In the 1980s, foamy-oil studies started from some field observations of anomalously good primary production performances in the heavy oil reservoirs in Venezuela, Canada and China, which included high oil production rates, high primary heavy oil recovery factors and low gas−oil ratios (GORs) under the solution-gas drive and foamy-oil flow (Chen and Maini, 2005). The terminology of “foamy heavy oil” is defined as a heavy oil that contains a large number of dispersed small solvent bubbles (Xu, 2007). The foamy heavy oil is formed because a highly viscous heavy oil has an ability to trap the nucleated solvent bubbles during a pressure depletion process in a heavy oil reservoir (Chen et al., 2015; Wang et al., 2008). Theoretically, however, such dispersed solvent bubbles in the heavy oil are not in a thermodynamic equilibrium state and will be liberated from the heavy oil to become the free gas eventually (Sun et al., 2020). The foamy-oil phenomenon begins from the solvent bubble nucleation in the solvent-saturated/diluted heavy oil due to the reservoir pressure depletion and attenuates due to the solvent bubble liberation.

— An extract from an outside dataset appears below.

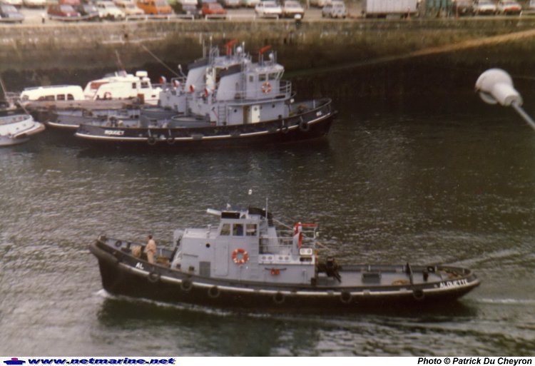 évoluant à petite vitesse en Penfeld. En arrière-plan, les remorqueurs

Hence, the solvent bubble nucleation and liberation processes have long been studied by many petroleum engineers and scientists worldwide in order to generate a strong and stable foamy-oil flow and enhance heavy oil recovery in a solvent-based enhanced oil recovery (EOR) process in a heavy oil reservoir.

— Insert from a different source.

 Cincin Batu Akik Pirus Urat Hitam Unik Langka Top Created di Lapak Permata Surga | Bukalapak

The solvent bubble nucleation occurs because of a solvent supersaturation in the heavy crude oil−solvent system (Sheikha and Pooladi-Darvish, 2012). The solvent supersaturation is defined as a non-equilibrium transient state of a heavy crude oil–solvent system that contains more dissolved solvent than that under the equilibrium conditions at the same pressure and temperature (Bondino et al., 2009a). The dissolved solvent concentration difference denotes the degree of the solvent supersaturation (Kennedy and Olson, 1952). When the pressure of the heavy crude oil−solvent system is lower than its bubble-point pressure during a pressure-depletion process, it is likely to become supersaturated. Then the solvent bubbles begin to be nucleated once the solvent supersaturation reaches certain degree (Kamath and Boyer, 1995). In general, the solvent supersaturation is affected by the characteristics of the heavy crude oil−solvent system (Li et al., 2015), the operating conditions (Sheng et al., 1999), as well as the pressure depletion level and rate (Kortekaas and van Poelgeest, 1991). The pressure drawdown rate is the most extensively studied factor. It has been pointed out that a low pressure drawdown rate will lead to a low solvent supersaturation (Bauget and Lenormand, 2002; Firoozabadi et al., 1994).

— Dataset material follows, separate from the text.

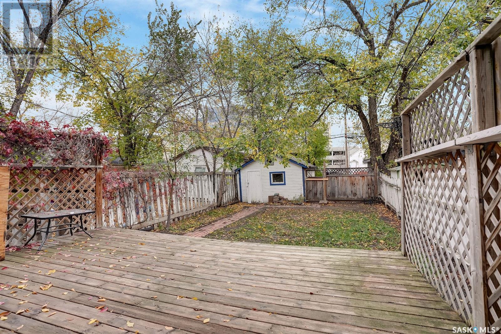 This great 2 1/2 story character home is situated across from the new ywca that is being built. Upon entering the front porch you'll enter a bright foyer with wide plank hardwood leading to the open plan living room & dining area with garden doors to the huge deck & yard that includes a single detached garage. The dinning area has cute built-ins & leads through to the brand new kitchen with lots of cupboard space. Upstairs has 3 bedrooms & a bathroom with a vintage clawfoot tub. The 3rd floor is unfinished but offers the opportunity to be a study or another bedroom. The basement is unfinished but is dry and allows for easy inspection. A 4 inch abs sewer line was installed in 2012 and is where the high-efficiency furnace is located. (id:22211)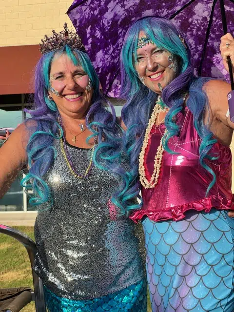 The group assembled the float on the Friday evening before the big parade so that early Saturday morning they could make the slow journey to the staging ground. Our float featured four mermaids with brightly colored tails and four human ladies in KT shirts. Fearless Activities Director Kevin Wilson rode along on his bike to take pictures and provide support during the parade route. “It was a very large turnout – the best ever,” Joy said. “We had a blast!”

The solvent bubble nucleation process has been experimentally and theoretically studied in the past. Typically, the solvent bubble nucleation starts when a certain degree of solvent supersaturation exists in the heavy crude oil−solvent system, which is called the critical solvent supersaturation (Arora and Kovscek, 2003). It is worthwhile to note that the solvent supersaturation state occurs only when the pressure is depleted faster than that at slow equilibrium conditions. The critical solvent supersaturation depends on many factors, including the oil viscosity (Wang et al., 2009), interfacial properties (Moulu, 1989) and pressure depletion rate (Firoozabadi et al., 1994). Some experimental techniques were used to study the solvent bubble nucleation in porous media, such as transparent micromodels (Firoozabadi and Aronson, 1999; Bora et al., 2000), computerized tomography (CT) (Meyer et al., 2007), and ultrasonic measurements (Hoyos et al., 1990). Also, several theoretical and numerical models were developed to study the solvent bubble nucleation process. For example, a mechanistic bubble-population-balance model was formulated to characterize the homogeneous and heterogeneous bubble nucleation processes (Du et al., 2019). A five-component kinetic model was used to examine the bubble ex-solution in porous media, which divided the free-gas formation into four different stages (Shen, 2015). A pore-scale numerical model was proposed to investigate the heterogeneous bubble nucleation and the foamy-oil flow, which included the inter-pore diffusion, capillary-controlled gas expansion, buoyancy-driven migration and oil shrinkage (Bondino et al., 2009b).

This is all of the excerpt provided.